# [DATA EXCERPT]
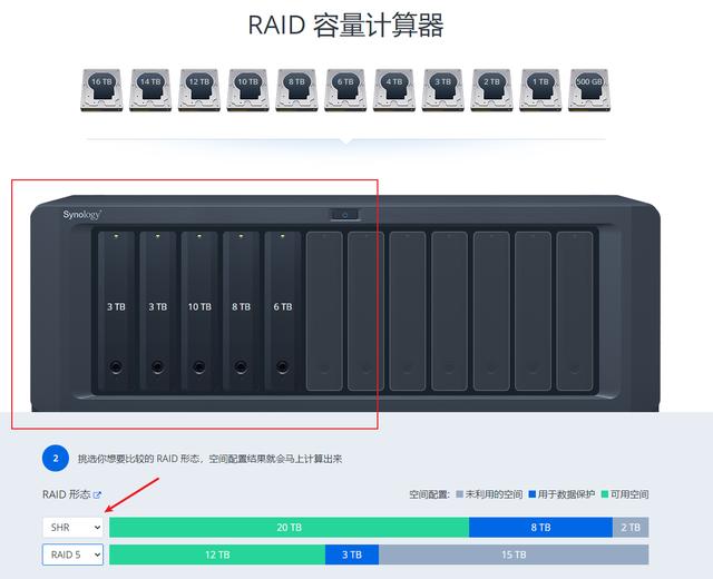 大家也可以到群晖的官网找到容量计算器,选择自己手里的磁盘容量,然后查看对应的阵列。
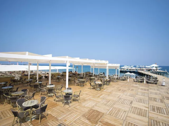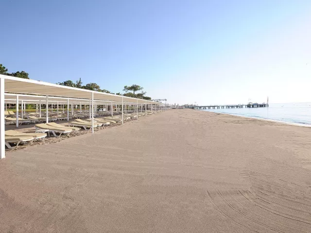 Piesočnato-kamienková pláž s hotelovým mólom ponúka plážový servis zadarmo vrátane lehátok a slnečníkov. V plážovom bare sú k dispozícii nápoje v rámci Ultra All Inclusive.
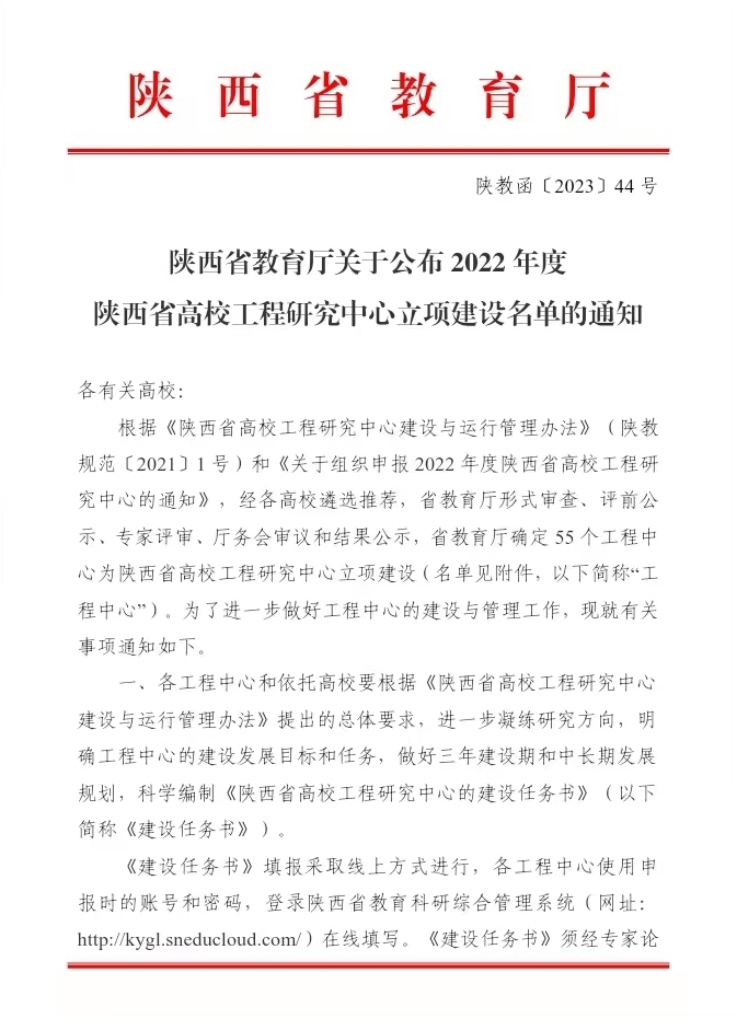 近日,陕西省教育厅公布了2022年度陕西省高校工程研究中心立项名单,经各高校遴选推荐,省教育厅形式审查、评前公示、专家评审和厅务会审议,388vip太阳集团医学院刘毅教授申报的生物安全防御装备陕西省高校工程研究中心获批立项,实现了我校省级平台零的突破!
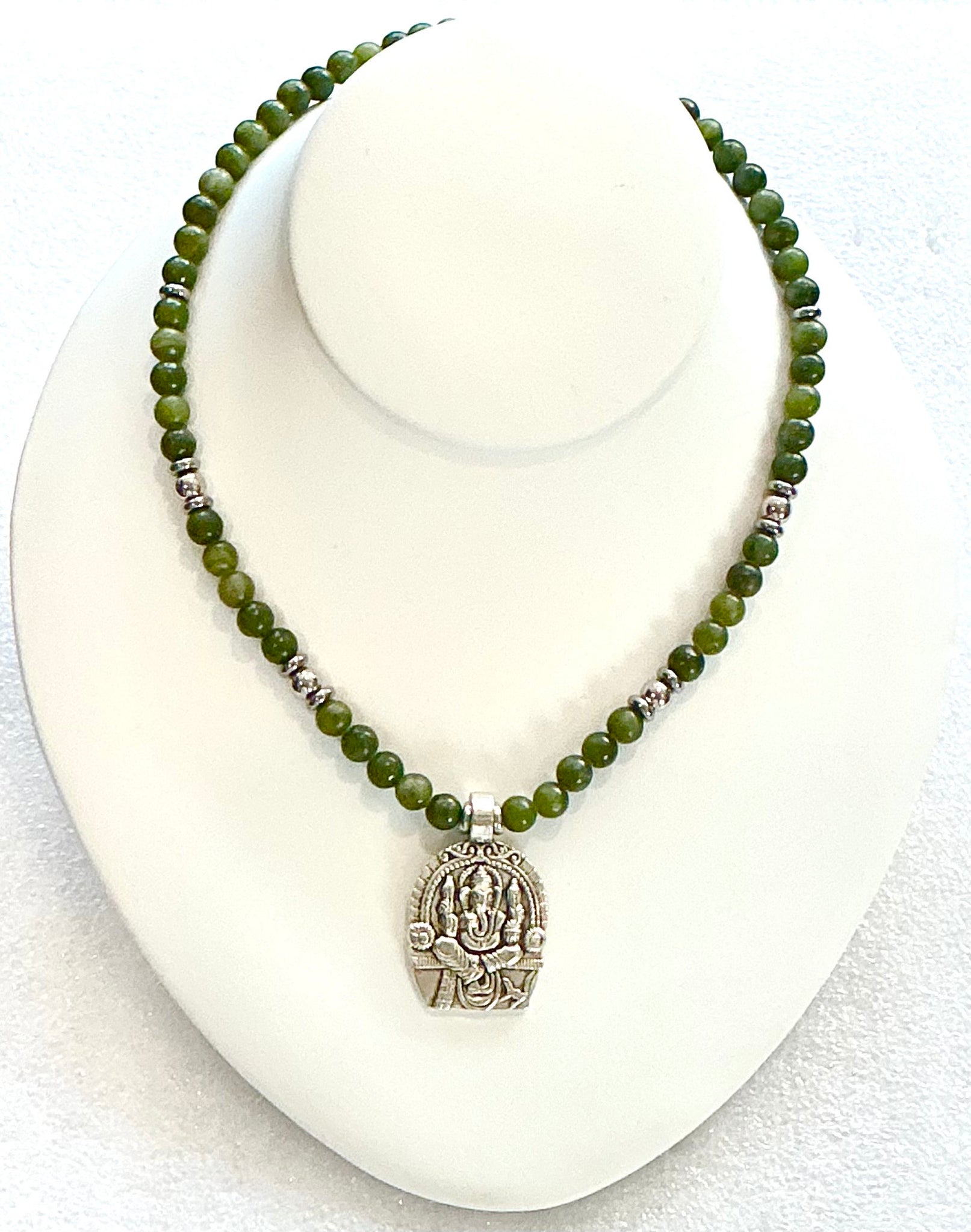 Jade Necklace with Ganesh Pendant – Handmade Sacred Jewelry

# [EXERCISE GOAL]
Copy out all the data above exactly, pictures excluded.

# [ANSWER SECTION]
 大家也可以到群晖的官网找到容量计算器,选择自己手里的磁盘容量,然后查看对应的阵列。
 Piesočnato-kamienková pláž s hotelovým mólom ponúka plážový servis zadarmo vrátane lehátok a slnečníkov. V plážovom bare sú k dispozícii nápoje v rámci Ultra All Inclusive.
 近日,陕西省教育厅公布了2022年度陕西省高校工程研究中心立项名单,经各高校遴选推荐,省教育厅形式审查、评前公示、专家评审和厅务会审议,388vip太阳集团医学院刘毅教授申报的生物安全防御装备陕西省高校工程研究中心获批立项,实现了我校省级平台零的突破!
 Jade Necklace with Ganesh Pendant – Handmade Sacred Jewelry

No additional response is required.